I alwayz tried to stay away from them bcuz of the breed "standard".

Ive seen alot of pups eyes look blue but then turn green or hazel as they grew older.

u just sparked more curiosity in my head about this topic  thanks lol


----------



## JoKealoha

not sure if this applies directly to dogs but i'm sure it plays a part...
genetic traits (including disorders) are located across the species genome. those on separate chromosomes are non-linked genes. these traits have lower probability of being passed to offspring as a set. the genes on a single chromosome are "linked" and the closer they are on that strand of DNA, the stronger the linkage. these genes have a higher probablity of being passed as a set.
so, while blue eyes themselves are not a health issue, or a symptom of health issues, they may be "linked" to genes that are. that is, the individual genes may be located on the same chromosome. therefore, very difficult to separate through selective breeding.
skin, hair, and eye color are dependant on melanin (a group of pigments). in humans they are located in the same general area of DNA. thats why we see blonde most often with blue or green and lighter skin colors. also in humans we see disorders associated with higher concentration of pigments like sickle cell in people of African decent. disorders like cystic fibrosis is more common in caucasians who lack pigmentation.
so i'm just guessing here, but light eyes (the lack of pigmentation) is not in itself a faulty gene. but it's associated by location to a sequence of DNA that is corrupt.


----------



## angelbaby

NoWuCmEnOwU... said:


> berry interesting...i alwayz wondered why blue eyes were not permitted.
> 
> I alwayz tried to stay away from them bcuz of the breed "standard".
> 
> Ive seen alot of pups eyes look blue but then turn green or hazel as they grew older.
> 
> u just sparked more curiosity in my head about this topic  thanks lol


Ya I have always kinda wondered how that all worked I love the blue eyes in dogs and Even though I know they will probably change we have a pup right now with these ice blue eyes they are gorgeous. But then after seeing this post It made me think abit about if this is maybe not such a good thing in these blue eyed dogs. I have seen a kennel who specialize in blue nose blue eyed dogs { i know right there breeding for color is wrong } but they are gorgeous looking.



JoKealoha said:


> not sure if this applies directly to dogs but i'm sure it plays a part...
> genetic traits (including disorders) are located across the species genome. those on separate chromosomes are non-linked genes. these traits have lower probability of being passed to offspring as a set. the genes on a single chromosome are "linked" and the closer they are on that strand of DNA, the stronger the linkage. these genes have a higher probablity of being passed as a set.
> so, while blue eyes themselves are not a health issue, or a symptom of health issues, they may be "linked" to genes that are. that is, the individual genes may be located on the same chromosome. therefore, very difficult to separate through selective breeding.
> skin, hair, and eye color are dependant on melanin (a group of pigments). in humans they are located in the same general area of DNA. thats why we see blonde most often with blue or green and lighter skin colors. also in humans we see disorders associated with higher concentration of pigments like sickle cell in people of African decent. disorders like cystic fibrosis is more common in caucasians who lack pigmentation.
> so i'm just guessing here, but light eyes (the lack of pigmentation) is not in itself a faulty gene. but it's associated by location to a sequence of DNA that is corrupt.
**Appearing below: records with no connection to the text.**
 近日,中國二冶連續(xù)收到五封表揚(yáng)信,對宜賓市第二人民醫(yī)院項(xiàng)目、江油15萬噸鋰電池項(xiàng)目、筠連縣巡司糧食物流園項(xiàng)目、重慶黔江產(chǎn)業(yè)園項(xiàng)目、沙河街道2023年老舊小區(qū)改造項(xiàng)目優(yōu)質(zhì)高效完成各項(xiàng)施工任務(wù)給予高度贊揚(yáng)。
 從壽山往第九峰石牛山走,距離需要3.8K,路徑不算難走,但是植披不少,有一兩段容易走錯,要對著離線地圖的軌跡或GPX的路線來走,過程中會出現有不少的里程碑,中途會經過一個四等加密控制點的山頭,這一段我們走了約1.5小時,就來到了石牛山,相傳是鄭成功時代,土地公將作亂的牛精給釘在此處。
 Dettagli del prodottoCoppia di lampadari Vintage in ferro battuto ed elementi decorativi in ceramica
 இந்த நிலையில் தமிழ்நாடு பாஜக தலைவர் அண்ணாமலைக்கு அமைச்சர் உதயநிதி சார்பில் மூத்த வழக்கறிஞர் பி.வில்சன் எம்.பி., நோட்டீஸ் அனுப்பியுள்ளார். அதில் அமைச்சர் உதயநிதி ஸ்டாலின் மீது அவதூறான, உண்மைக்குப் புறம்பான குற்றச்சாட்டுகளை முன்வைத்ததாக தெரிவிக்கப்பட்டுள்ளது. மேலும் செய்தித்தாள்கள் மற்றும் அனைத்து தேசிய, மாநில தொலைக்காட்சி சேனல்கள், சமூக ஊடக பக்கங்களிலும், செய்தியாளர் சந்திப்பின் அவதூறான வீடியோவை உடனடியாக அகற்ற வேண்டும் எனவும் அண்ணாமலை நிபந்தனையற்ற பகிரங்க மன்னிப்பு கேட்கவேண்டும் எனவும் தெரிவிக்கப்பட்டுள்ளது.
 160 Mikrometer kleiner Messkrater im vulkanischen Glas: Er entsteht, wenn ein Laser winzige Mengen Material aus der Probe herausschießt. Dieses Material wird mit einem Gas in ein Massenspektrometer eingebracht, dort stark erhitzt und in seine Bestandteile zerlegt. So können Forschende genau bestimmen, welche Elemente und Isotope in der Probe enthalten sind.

Ya thats kinda the impression I got from this write up as well it may not be the "blue" eyes persay but those carrying this gene may be more likely to carry other genes that cause neurological issues and other disorders , good enough reason though to do as it says and avoid breeding to those dogs who carry this trait. I actually didnt even know that it wasnt allowed in the ring , I knew piebald eyes werent allowed just didnt know if they were both blue that they still werent allowed.


----------



## LadyRampage

Welll its fairly common in the colby line... I've had dogs with 2 blue eyes, 1 blue eye and even had one that had half a blue eye.... NEVER had one that was blind, or couldn't hear or any other issues, but I also haven't done extensive testing either.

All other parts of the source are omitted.